Anonymous Anonymous said...

McCoy's transition from the nailbiting, carved freize Sherman at the pinnacle of a vain society to the masculine, at ease, "now I dress for jail" Sherman, a better and happier man, at the bottom suggests a kind of final, encompassing, blanket barb directed at all of Wolfe's targets in Bonfire and just about everyone else. Presenting Sherman as a bit ridiculous at the end and compressing his post-transformation period into just a few pages creates a kind of vanishing effect for this message, however, into the sea of the rest of the book (the "dress for jail" remark, for example, maybe the most significant defining moment for the better Sherman, only comes in the faux-NYT article amid a flurry of other concluding details). The conclusion adds an incendiary, Dostoevskian kick to the novel (which follows the basic structure of Crime and Punishment) in Sherman's brief quasi-punishment phase, with Wolfe as a mocking Savonarola, who having created a pile of satired vanities, strikes a match at the end to light the fire.

12/11/07, 8:22 PM

Anonymous Martin said...

Alan Arkin would have been good in the role of the judge. Or perhaps Vincent Gardenia.

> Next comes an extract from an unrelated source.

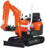
Micro Excavator 0.8T Min Width 0.75m Max Dig Depth 1.7m Kubota KX008

Sherman McCoy: Tom Cruise (if he had been older then)

ADA Kramer: Ron Silver

Peter Fallow: Gary Oldman

It's a shame that the studio decided to take out most of the racial politics, as that was about half the story.

12/11/07, 10:15 PM

Anonymous Anonymous said...

How many other examples of "great book-terrible movie" can rival Bonfire?

I can't think of any off the top of my head -- but I predict that the Angelina Jolie version of Atlas Shrugged will make the list, if it ever gets made!

12/12/07, 10:03 AM

Anonymous Svigor said...

Oh I dunno, I really dig Scarface. Not every day you create the ultimate scumbag immigrant epic poem and shoot the numinious immigrant myth full of holes.

12/12/07, 11:46 AM

Anonymous Svigor said...

How many other examples of "great book-terrible movie" can rival Bonfire?

The Stand was pretty good/horrible.

12/12/07, 11:48 AM

Anonymous ben tillman said...

My one year in Manhattan coincided with the publication of this book. It really was true to life. I agree completely, Steve -- great book, terrible movie. Hanks was *not* Sherman McCoy material.

12/12/07, 8:03 PM

Anonymous Fred said...

I haven't seen the film version of Atonement yet (read the book when it was short-listed for the Booker Prize), but judging by the reviews it might be a rare example of a great movie from a great book.

12/12/07, 11:01 PM

Anonymous Anonymous said...

Actually, the Duke Lacrosse mess has strong echoes from Wolfe's latest book, "I Am Charlotte Simons." That book was partly based on his visits to Duke.

David Brooks remarked that all scandals appear twice, first in a Tom Wolfe story, then in real life.

Wolfe is currently working on a book based in Miami, concerning immigration. Just up your alley.

12/14/07, 8:57 AM

Anonymous Anonymous said...

The 2007 "Tom Wolfe Award for Wrestling the Beast and Bringing the Lurid Carnival of American Life to Heel" Goes to...

New York Magazine's "New York Look Book", 2007.